Four months later, after the patient’s self medication with DCA, a new PET was ordered as no visible signs of lymphoma were noticeable. The results of the new PET were: the previously seen foci of abnormal activity within the nasopharynx and neck had resolved; no abnormal foci of metabolic activity were seen in the exam; no evidence of recurrent disease.

Discussion

The medical community is seeing more and more patients seeking other forms of therapy on their own. Some of these are deleterious and endangering the lives of our patients and others may be prolonging their lives but still need to be under supervision, including in case-controlled studies. One of these cases resulted in a successful outcome which might be explained by the extensive research already done on the pharmacology and toxicology of the treatment the patient chose. That compound, dicholoroacetate, is not new in medicine, but its application in cancer patients is still under investigation.

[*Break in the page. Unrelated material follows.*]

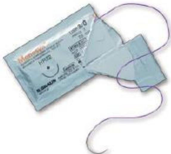
Figura 9: Forma de apresentação de Monosyn (embalagem individual de abertura direta)

Modelos com Embalagem de Abertura Direta:

The bioavailability [6] and pharmacokinetics [7] of DCA have been well researched over the years in adults [10], children [8, 9] and animals [11]. As a medicinal, DCA is generally well tolerated. [17] Its activation of the enzyme pyruvate dehydrogenase (PD) of the mitochondria decreases glycolysis and reactivates glucose oxidation, a favorable approach to ameliorate lactic acidosis. [20]

 

Cancer cells utilize a system of glycolysis for energy instead of glucose oxidation used by healthy cells. The glycolysis metabolism of glucose increases their lactic acid intracellularly and reduces the intracellular pH. [2] This aerobic glycolysis “Warburg effect” inactivates mitochondrial respiration, leading to a survival mode of cancer cell growth. [12] Basically, DCA reverses this glycolysis with several major changes then occurring in the tumor cells.        First and foremost DCA inhibits pyruvate dehydrogenase kinase (PDK) which inhibits PD through its phosphorylation. When this kinase is inhibited by DCA a myriad of changes then occur in the cell. The mitochondria is no longer hyperpolarized, instead the membrane and the mitochondria is depolarized, reactivating the mitochondrial K+ channels which then decrease cytosolic K+. When PD is inhibitred in cancer cells by PDK there is an excess cytosolic K+ which inactivates the caspases 3 and 9, important in apoptosis [2]. DCA thus reactivates these caspases along with an increase in H2O2 intracellularly and allows the release of Cytochrome c from the mitochondria. Cytochrome c release is a major activating step for apoptosis in the cell as it triggers the caspase cascade in apoptosis [2].The results of DCA are seen both in vitro and in vivo in cancers.

 

Another major chance in cancer cells by DCA is the decrease in intracellular Ca++. [1] In cancer the increase of Ca++ is associated with the increase and proliferation of transcription factors. Calcium also activates ornithine decarboxylase, the rate limiting enzyme in DNA synthesis and the anti apoptosis factor NFAT (nuclear factor of activated T lymphocytes). [2] Therefore, when the calcium decreases with DCA, the cell is further directed toward apoptosis and a decrease in cell replication. DCA causes a major shift at multiple areas of the mitochondria, the cytoplasm, and the cellular membrane [2]. The end effect of DCA is a cell cycle arrest in G1, and an increase in apoptosis [14].

 

The effects of DCA are predominantly limited to cancer cells, most normal cells are not effected. [1] This interesting compound is, however, not without complications. There is a minimal reversible nerve damage that can be considerably reduced by a daily thiamin intake of several hundred milligrams for humans [15] and animals [16].

 

To conclude, a Non Hodgkin’s lymphoma patient taking DCA at 10 mg/kg on his own accord had a complete regression of his cancer in four months. His nerve toxicity was limited with thiamin intake to a slight tingling and numbness in the fingers and toes. Although he was told that he should not medicate himself, he has continued on this regimen. He stated that when he discontinued DCA the tenderness in his neck began to reappear.

 

More research needs to be conducted in controlled settings for validation and confirmation of the potential efficacy of DCA in cancer therapies.